Solutions: Financial Transparency
The problems of capital flight and the financial crisis demonstrate clearly that the complexity of global financial flows has grown far beyond the ability of governments to effectively monitor and regulate them. The current regulatory framework is not fit for purpose.

At the Monterrey Financing for Development conference in 2002, governments pledged to encourage “the orderly development of capital markets aimed at addressing development financing needs and foster productive investments”. They agreed, that this “requires a sound system of financial intermediation, transparent regulatory frameworks and effective supervisory mechanisms”. This has yet to be delivered.

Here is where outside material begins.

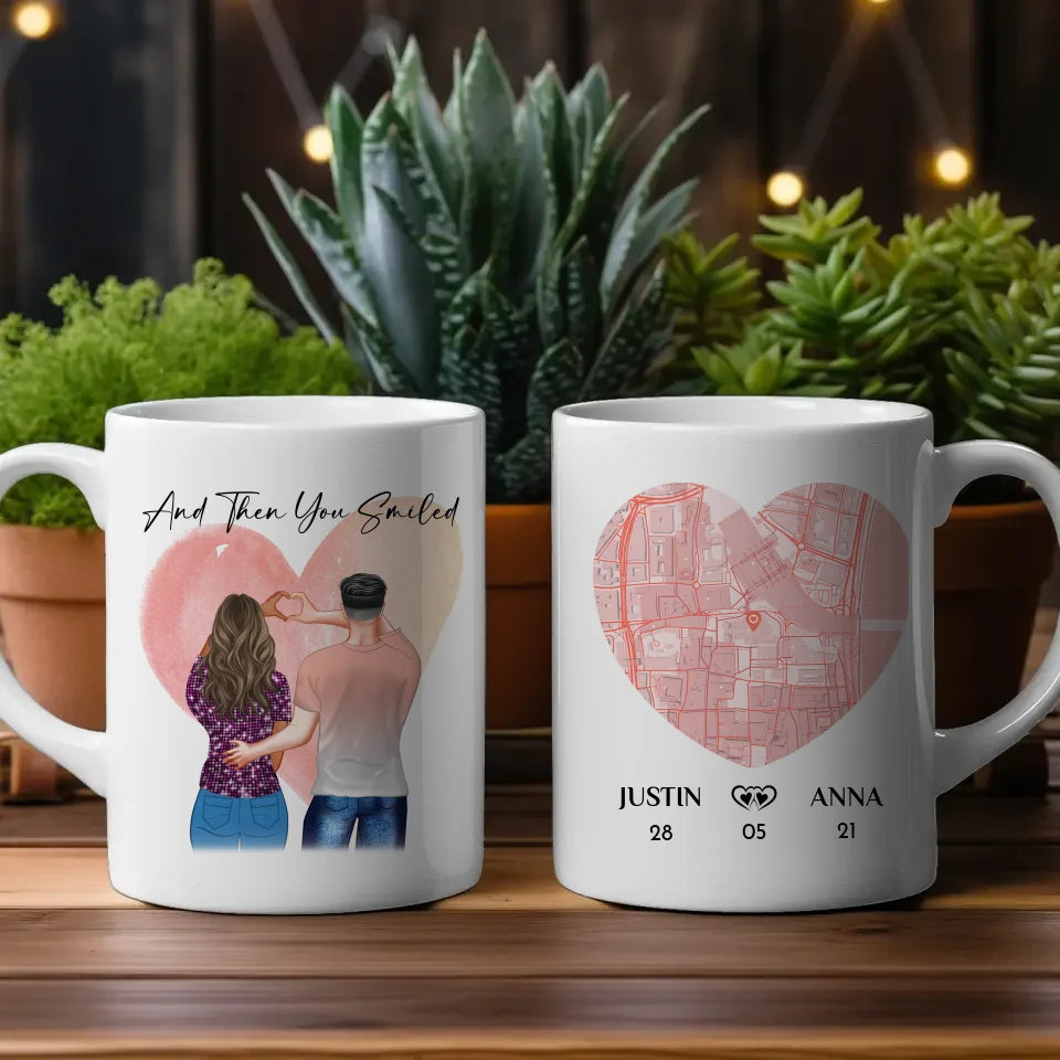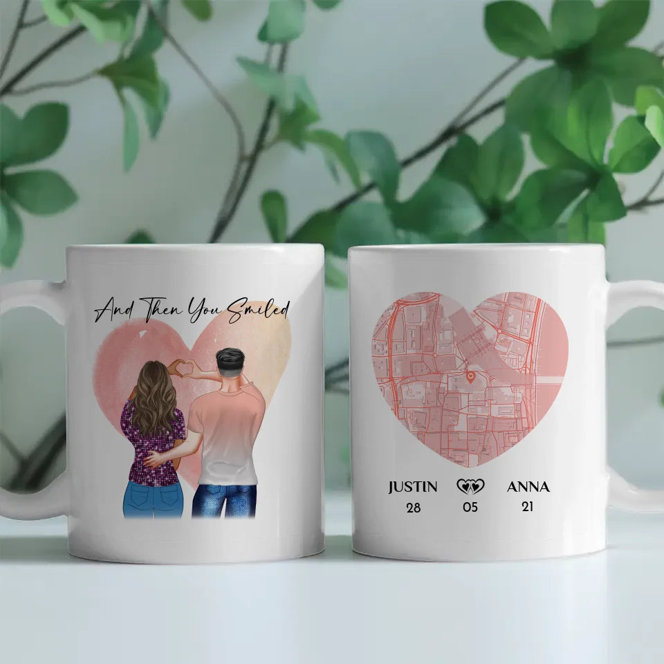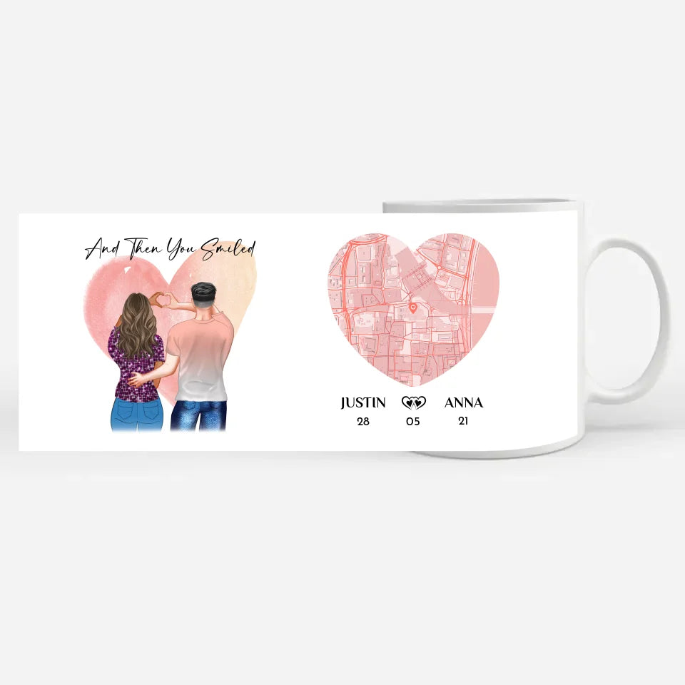 Du würdest gerne etwas einzigartiges schenken? Dann ist Unsere Personalisierte Tasse Stadtkarte You Smiled Paar als Cliparts ein wirklich einzigartiges personalisiertes Geschenk.

Creating an atmosphere of financial transparency and accountability would help to address issues of capital flight and the current financial crisis which will have a huge detrimental effect on southern countries and the possibility of achieving the Millennium Development Goals (MDGs).

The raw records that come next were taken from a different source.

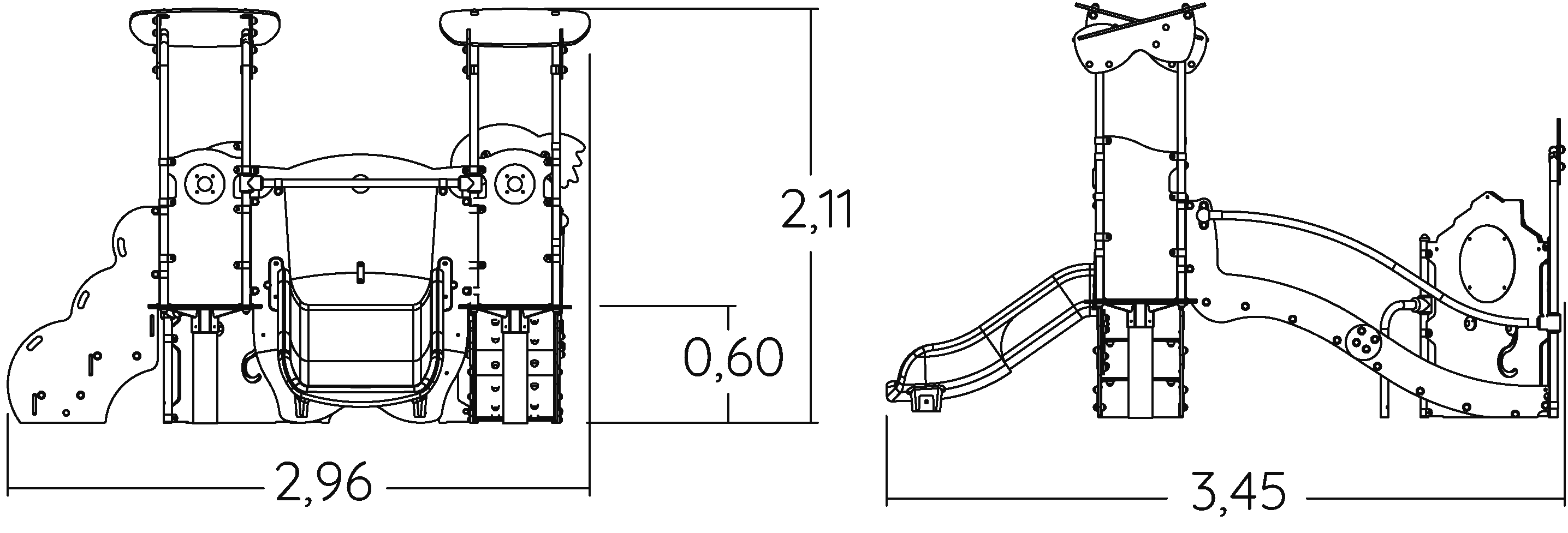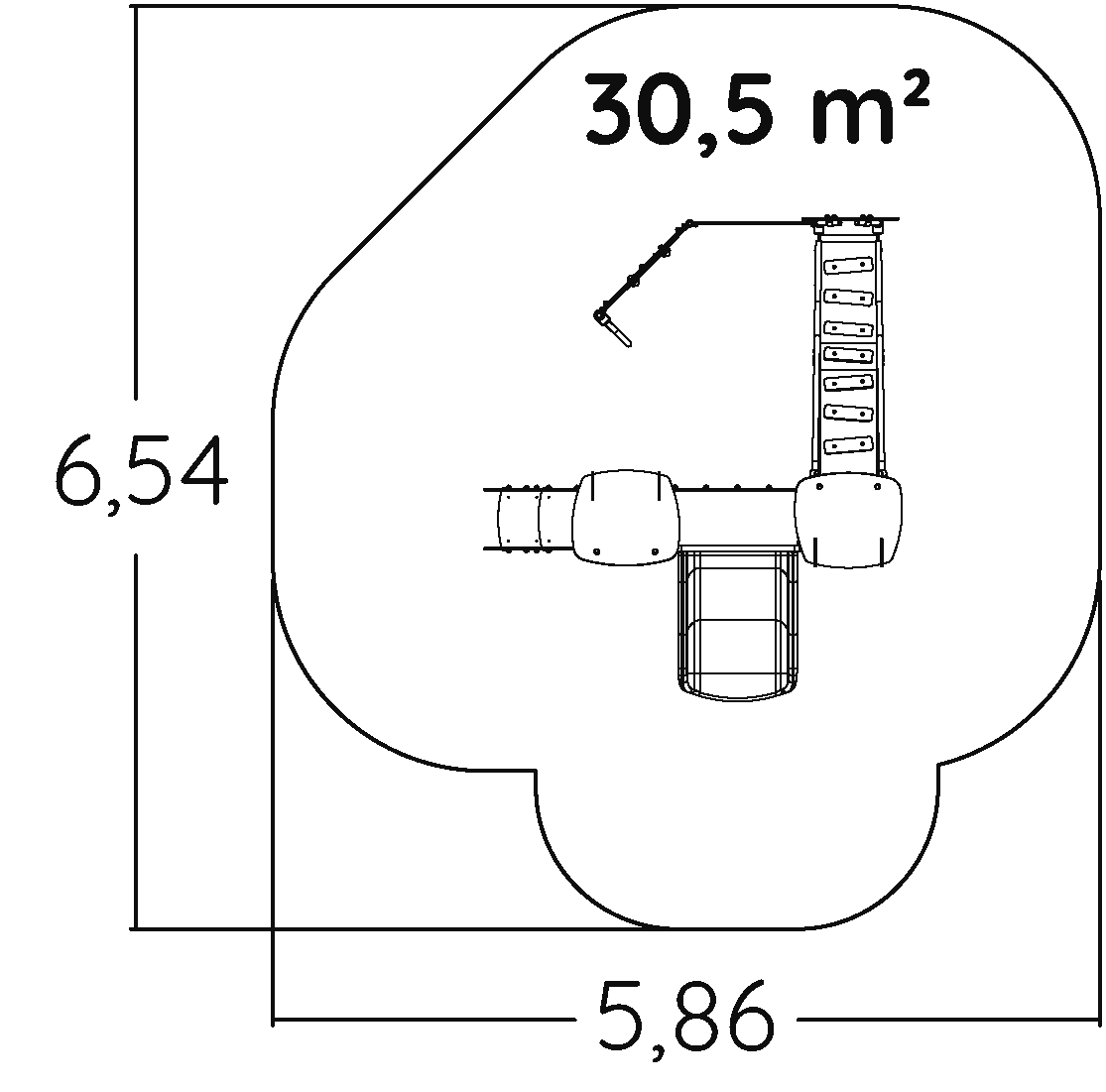 Modulets dimensioner er som følger: 3,43 m i længden, 2,93 m bred, 2,12 m høj. Den frie faldhøjde (HCL) er 1,00 m.
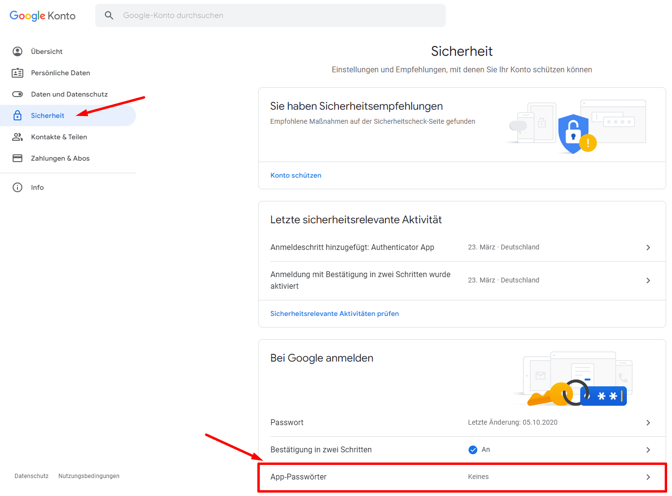 Klicken Sie in der rechten oberen Ecke auf ihr Logo und in dem kleinen neu geöffneten Fenster auf Google-Konto verwalten. Alternativ erreichen Sie die Seite auch über folgenden Link: https://myaccount.google.com
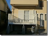 こちらの正面に木質の造作されたウッドデッキが備え付けられていましたご覧の通り人の 背丈ぐらいの位置に設置されていたのがお解かりになれるかと思いますが腐朽菌依る腐食で 床板が抜けてしまうような危険な状態でした木質デッキは木…

REQUIRED OUTCOMES FROM THE DOHA FfD CONFERENCE

a) A clear statement of the pre-eminence of tax as the only sustainable source of public finance for independent development;

b) That the UN Committee of Experts on International Cooperation on Tax Matters (the UN Tax Committee) should be upgraded into an intergovernmental body, tasked with enhancing international cooperation on tax issues and promoting the goal of effective tax information exchange (not least between developing countries and others);

c) That the Tax Committee adopt a ‘UN Code of Conduct on Cooperation in Combating International Tax Evasion and Avoidance’, of which a draft has already been discussed, and which sets minimum standards to countries’ cooperation;

d) International implementation of country by country reporting standards for transnational companies.

1 Comments:

Blogger Ivo Cerckel said...

The distinctions between taxation and theft being
that the thief does not come back periodically
and
that the thief does not allege to be stealing in the public interest,
I urge

http://bphouse.com/honest_money/2008/11/24/financing-for-development-ffd/

SNIPS
The international conference on Financing for Development (FfD), scheduled to take place in Doha, Qatar, from 29 November to 02 December 2008, [to] examine the causes of the crisis.
These causes are the monetary policies of “our” central banks, that is, for the moment their policies of lowering interest rates. The solution is to call for an end to trade cycles by taking monetary policy out of the hands of governments.

+

Let us hope that this conference will stop maintaining the corrupt dollar-regime at all cost.

Let us hope that this conference will stop caricaturing everything (oil, gas, gold, euro, etc.) which does not suit the said regime.

Let us hope that this conference will call for an end to trade cycles by taking monetary policy out of the hands of governments.

I am not sure a conference of heads of “state” is likely to do that.

Hence, we shall forever remain underdeveloped.